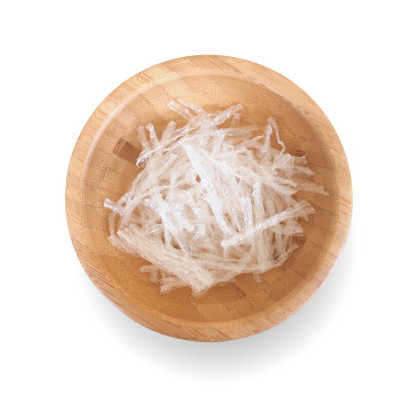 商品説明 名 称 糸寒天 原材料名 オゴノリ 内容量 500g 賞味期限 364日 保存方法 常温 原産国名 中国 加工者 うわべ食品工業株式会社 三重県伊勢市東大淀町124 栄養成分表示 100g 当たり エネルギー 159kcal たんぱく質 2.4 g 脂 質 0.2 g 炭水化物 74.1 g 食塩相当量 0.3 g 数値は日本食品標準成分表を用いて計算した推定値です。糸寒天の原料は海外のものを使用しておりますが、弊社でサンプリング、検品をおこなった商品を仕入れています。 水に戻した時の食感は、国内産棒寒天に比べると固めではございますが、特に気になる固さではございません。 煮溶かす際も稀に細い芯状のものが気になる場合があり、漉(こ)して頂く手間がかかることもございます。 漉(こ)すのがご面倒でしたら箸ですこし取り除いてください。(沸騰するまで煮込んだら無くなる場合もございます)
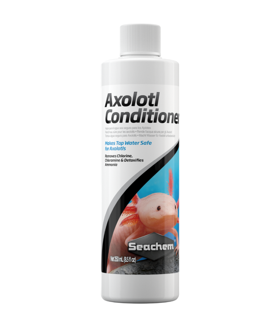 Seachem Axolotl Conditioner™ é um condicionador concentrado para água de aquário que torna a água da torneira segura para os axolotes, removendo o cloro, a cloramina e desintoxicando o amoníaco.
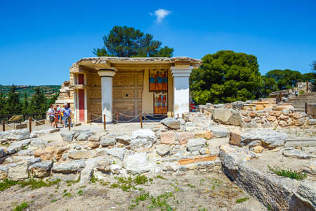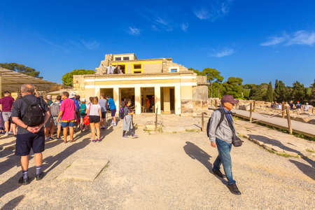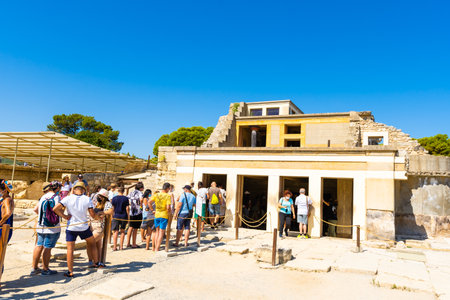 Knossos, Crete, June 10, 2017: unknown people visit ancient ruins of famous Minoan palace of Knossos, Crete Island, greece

_ _ _ _

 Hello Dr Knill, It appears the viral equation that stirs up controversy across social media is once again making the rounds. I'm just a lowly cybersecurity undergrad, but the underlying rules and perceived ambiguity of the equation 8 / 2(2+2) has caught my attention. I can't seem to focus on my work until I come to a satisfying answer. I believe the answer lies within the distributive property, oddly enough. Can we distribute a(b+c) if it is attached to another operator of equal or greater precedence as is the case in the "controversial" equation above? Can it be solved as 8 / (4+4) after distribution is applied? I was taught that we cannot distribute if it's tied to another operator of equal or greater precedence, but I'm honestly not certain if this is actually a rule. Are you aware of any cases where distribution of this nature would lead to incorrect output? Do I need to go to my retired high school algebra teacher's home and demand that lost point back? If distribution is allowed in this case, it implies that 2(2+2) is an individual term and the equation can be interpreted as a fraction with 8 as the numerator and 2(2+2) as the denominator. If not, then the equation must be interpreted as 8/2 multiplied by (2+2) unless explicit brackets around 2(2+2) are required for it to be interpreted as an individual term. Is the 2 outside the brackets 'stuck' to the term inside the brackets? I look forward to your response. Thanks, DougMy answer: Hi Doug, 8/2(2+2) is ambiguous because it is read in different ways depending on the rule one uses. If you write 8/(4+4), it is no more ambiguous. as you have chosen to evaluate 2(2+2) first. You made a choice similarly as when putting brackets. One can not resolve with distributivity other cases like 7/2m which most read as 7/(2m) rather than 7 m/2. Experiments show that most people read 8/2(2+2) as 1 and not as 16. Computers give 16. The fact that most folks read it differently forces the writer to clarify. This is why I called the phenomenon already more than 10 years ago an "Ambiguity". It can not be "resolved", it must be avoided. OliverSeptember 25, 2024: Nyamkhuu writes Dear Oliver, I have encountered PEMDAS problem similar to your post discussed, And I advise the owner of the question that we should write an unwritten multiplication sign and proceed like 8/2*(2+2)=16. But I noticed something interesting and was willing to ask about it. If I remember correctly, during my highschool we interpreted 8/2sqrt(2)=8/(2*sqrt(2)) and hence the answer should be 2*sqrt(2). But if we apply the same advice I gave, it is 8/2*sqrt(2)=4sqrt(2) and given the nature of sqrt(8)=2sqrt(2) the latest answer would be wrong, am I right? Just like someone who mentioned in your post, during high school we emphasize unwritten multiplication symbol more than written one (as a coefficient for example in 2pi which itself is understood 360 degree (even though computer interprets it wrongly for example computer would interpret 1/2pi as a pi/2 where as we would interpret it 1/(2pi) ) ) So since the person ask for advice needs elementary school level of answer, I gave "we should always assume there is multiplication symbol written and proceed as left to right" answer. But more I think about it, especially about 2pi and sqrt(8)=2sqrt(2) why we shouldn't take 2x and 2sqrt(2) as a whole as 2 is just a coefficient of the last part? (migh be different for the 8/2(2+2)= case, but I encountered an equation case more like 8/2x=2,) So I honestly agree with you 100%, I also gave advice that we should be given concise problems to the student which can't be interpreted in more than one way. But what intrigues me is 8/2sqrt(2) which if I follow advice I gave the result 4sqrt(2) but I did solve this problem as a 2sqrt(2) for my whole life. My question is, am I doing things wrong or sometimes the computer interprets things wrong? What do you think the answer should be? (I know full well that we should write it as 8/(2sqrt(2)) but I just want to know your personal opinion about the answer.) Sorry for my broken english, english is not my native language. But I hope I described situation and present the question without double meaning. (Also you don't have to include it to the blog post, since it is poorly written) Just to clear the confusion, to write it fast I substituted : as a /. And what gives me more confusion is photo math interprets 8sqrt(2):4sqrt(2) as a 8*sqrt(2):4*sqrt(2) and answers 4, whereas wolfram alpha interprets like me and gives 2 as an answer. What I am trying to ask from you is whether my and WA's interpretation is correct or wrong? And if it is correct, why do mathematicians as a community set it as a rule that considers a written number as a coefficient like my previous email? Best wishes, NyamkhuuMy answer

_ _ _ _

* _Task to carry out_:
Although the records hold pictures, the copy must not; give again exactly the lines from the one with "商品説明 名 称 糸寒天" through the one with "Knossos, Crete, June".

* _Task answer_:
 商品説明 名 称 糸寒天 原材料名 オゴノリ 内容量 500g 賞味期限 364日 保存方法 常温 原産国名 中国 加工者 うわべ食品工業株式会社 三重県伊勢市東大淀町124 栄養成分表示 100g 当たり エネルギー 159kcal たんぱく質 2.4 g 脂 質 0.2 g 炭水化物 74.1 g 食塩相当量 0.3 g 数値は日本食品標準成分表を用いて計算した推定値です。糸寒天の原料は海外のものを使用しておりますが、弊社でサンプリング、検品をおこなった商品を仕入れています。 水に戻した時の食感は、国内産棒寒天に比べると固めではございますが、特に気になる固さではございません。 煮溶かす際も稀に細い芯状のものが気になる場合があり、漉(こ)して頂く手間がかかることもございます。 漉(こ)すのがご面倒でしたら箸ですこし取り除いてください。(沸騰するまで煮込んだら無くなる場合もございます)
 Seachem Axolotl Conditioner™ é um condicionador concentrado para água de aquário que torna a água da torneira segura para os axolotes, removendo o cloro, a cloramina e desintoxicando o amoníaco.
 Knossos, Crete, June 10, 2017: unknown people visit ancient ruins of famous Minoan palace of Knossos, Crete Island, greece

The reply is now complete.